## Supplied entries
--- START ---

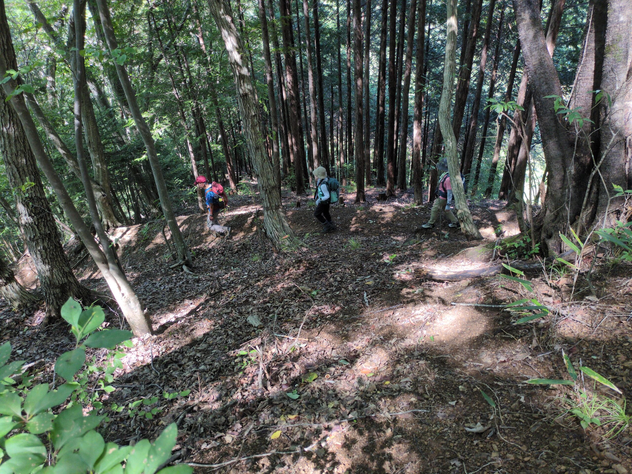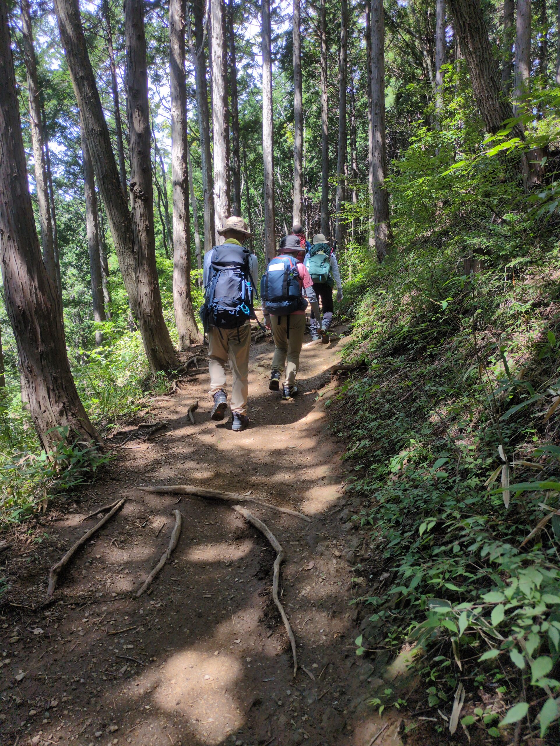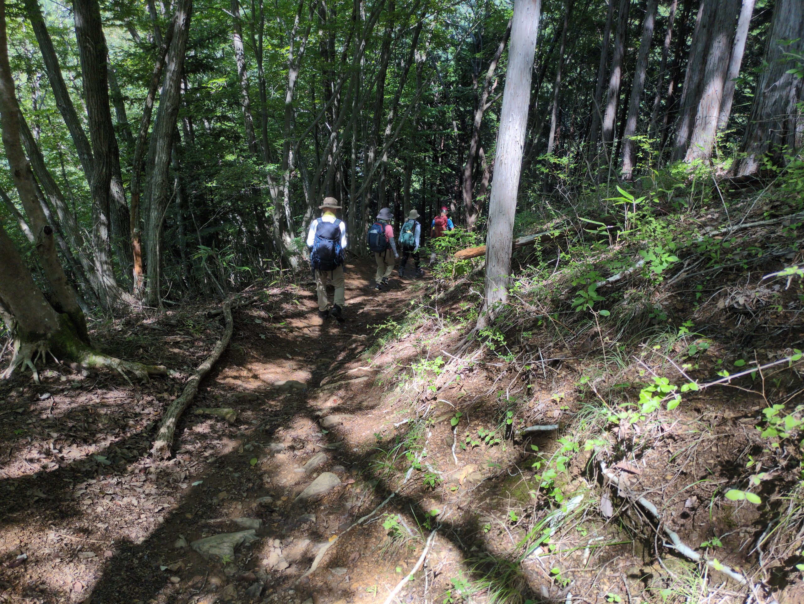 計画の際は意識しなかったけど、コースの多くが樹林帯であったこと、前日の大雨の影響?で時々爽やかな風に恵まれ、更に何よりは参加者全員が2,3人の力の強者であったことが重なり、予定歩程より1時間余り短縮してゴールした。参加者のしっ咤激励に答えたいと、必死に山行する日々です。
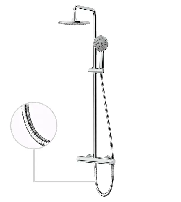 Rociador superior amplio: Equipada con un rociador de gran diámetro, ofrece una cobertura uniforme para una ducha envolvente y placentera.
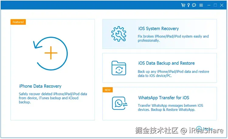 iReaShare iOS System Recovery是一款实用的工具,可以修复iPhone上的消息问题。即使你不是专家,它也可以轻松解决iMessage无法发送的问题。这款工具旨在修复常见的iOS问题,例如iPhone无法发送消息、iPhone卡在苹果标志、iPhone充电失败、iPhone黑屏等。如果你正在寻找一款全面的工具来修复各种iOS问题,可以点击下方按钮下载到电脑。
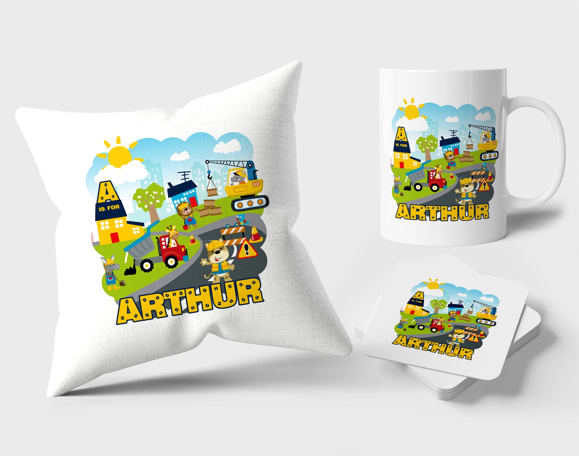 This Construction Alphabet mug has a vibrant and eye-catching design that is perfect for any child's cup. Our polymer mugs are fantastic for children as they are non breakable . The colourful constructions theme brings a friendly and fun element to the mug, making it an ideal gift for the young ones. This design looks amazing on a cushion which will be a great addition to any child's bedroom.
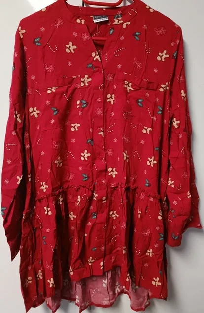 tolle festliche Bluse Tunika von beloved rot mit weihnachtlichen Motiven. Langarm (Ärmel können raufgeknöpft werden), vorne Knopfleiste.
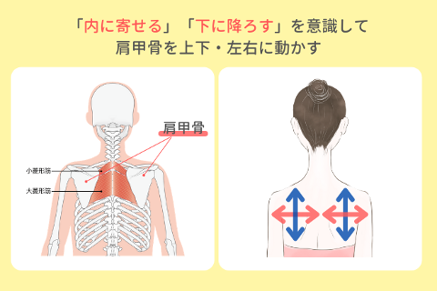 肩甲骨、またその周辺の筋肉を「寄せる」「下げる」を意識して、内外・上下に動かすストレッチを行いましょう。
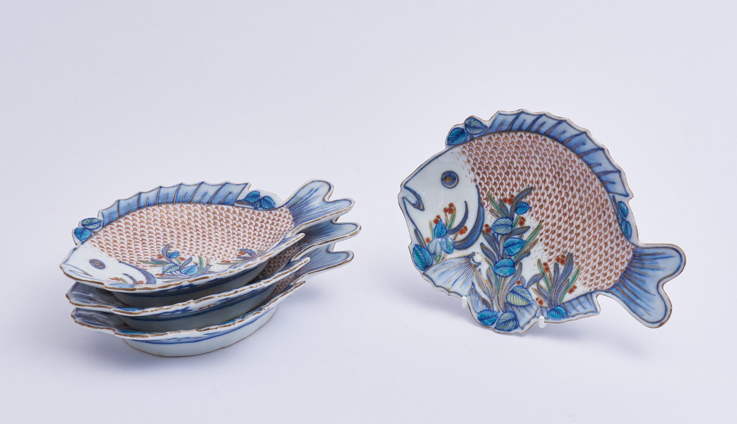 A SET OF FOUR JAPANESE ARTIA FISH SHAPED DISHES W.20CM, LEONARD JOEL LOCAL DELIVERY: SMALL
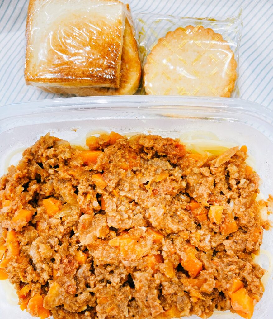 ミートスパゲティ、食パン こちらのミートも彼飯!!豚ミンチ、玉ねぎ、にんじんで✨
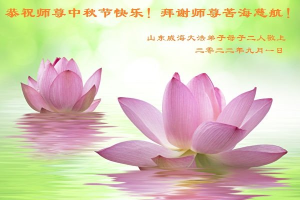 师尊辛苦了,感恩师尊慈悲救度。在这有限的时间里,弟子要学好法,多学法,修好自己,救度众生,跟上师尊的正法進程,做好三件事。 叩拜师尊!合十 山东威海大法弟子母子二人恭祝师尊中秋节快乐!
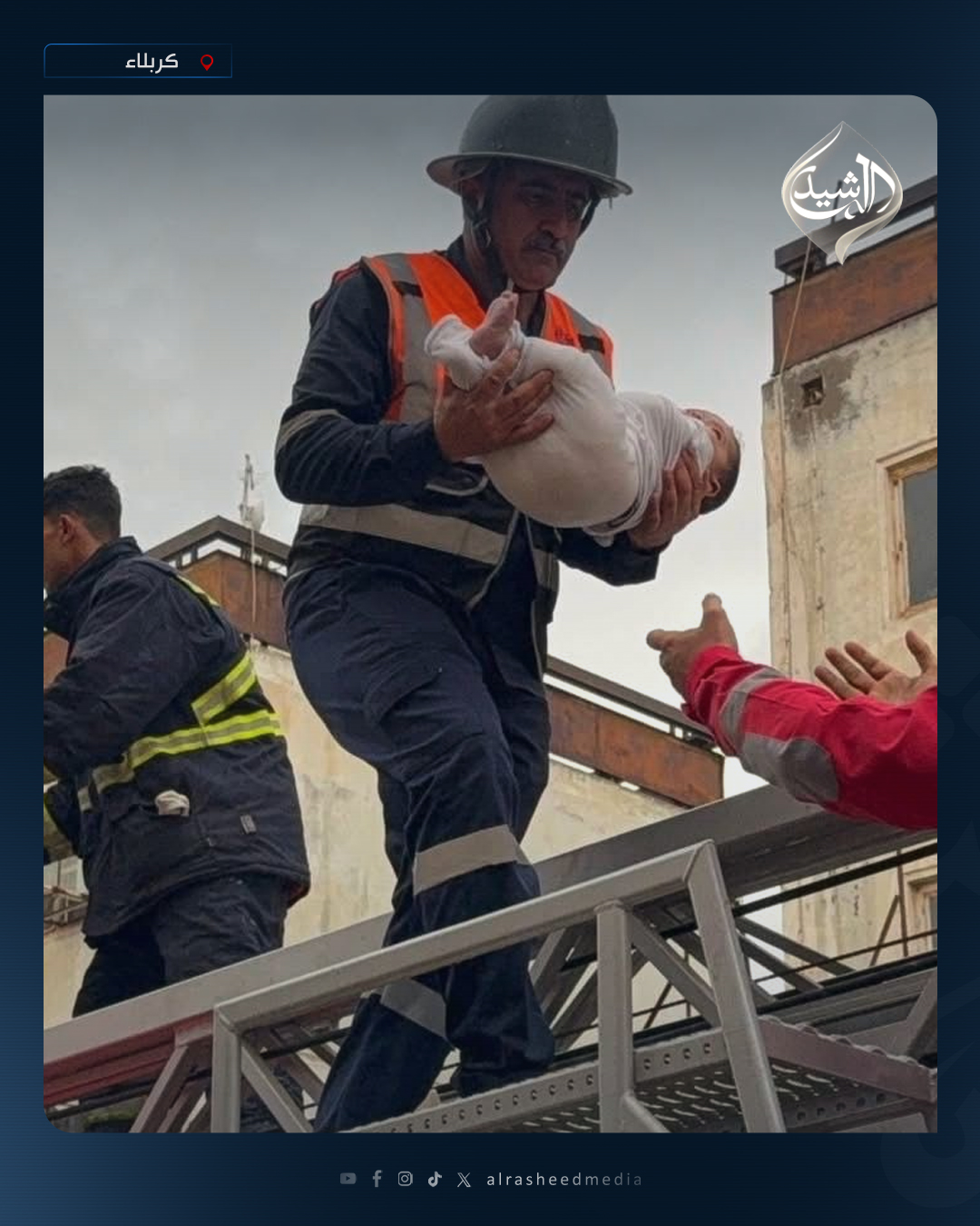 بالصور.. الدفاع المدني في كربلاء يُخلي عوائل بعد انهيار جزئي لشقق سكنية بفعل الأمطار

--- END ---

## Required action
The whole listing above, line by line, needs to be copied exactly, except for any images.

## Answer below
 計画の際は意識しなかったけど、コースの多くが樹林帯であったこと、前日の大雨の影響?で時々爽やかな風に恵まれ、更に何よりは参加者全員が2,3人の力の強者であったことが重なり、予定歩程より1時間余り短縮してゴールした。参加者のしっ咤激励に答えたいと、必死に山行する日々です。
 Rociador superior amplio: Equipada con un rociador de gran diámetro, ofrece una cobertura uniforme para una ducha envolvente y placentera.
 iReaShare iOS System Recovery是一款实用的工具,可以修复iPhone上的消息问题。即使你不是专家,它也可以轻松解决iMessage无法发送的问题。这款工具旨在修复常见的iOS问题,例如iPhone无法发送消息、iPhone卡在苹果标志、iPhone充电失败、iPhone黑屏等。如果你正在寻找一款全面的工具来修复各种iOS问题,可以点击下方按钮下载到电脑。
 This Construction Alphabet mug has a vibrant and eye-catching design that is perfect for any child's cup. Our polymer mugs are fantastic for children as they are non breakable . The colourful constructions theme brings a friendly and fun element to the mug, making it an ideal gift for the young ones. This design looks amazing on a cushion which will be a great addition to any child's bedroom.
 tolle festliche Bluse Tunika von beloved rot mit weihnachtlichen Motiven. Langarm (Ärmel können raufgeknöpft werden), vorne Knopfleiste.
 肩甲骨、またその周辺の筋肉を「寄せる」「下げる」を意識して、内外・上下に動かすストレッチを行いましょう。
 A SET OF FOUR JAPANESE ARTIA FISH SHAPED DISHES W.20CM, LEONARD JOEL LOCAL DELIVERY: SMALL
 ミートスパゲティ、食パン こちらのミートも彼飯!!豚ミンチ、玉ねぎ、にんじんで✨
 师尊辛苦了,感恩师尊慈悲救度。在这有限的时间里,弟子要学好法,多学法,修好自己,救度众生,跟上师尊的正法進程,做好三件事。 叩拜师尊!合十 山东威海大法弟子母子二人恭祝师尊中秋节快乐!
 بالصور.. الدفاع المدني في كربلاء يُخلي عوائل بعد انهيار جزئي لشقق سكنية بفعل الأمطار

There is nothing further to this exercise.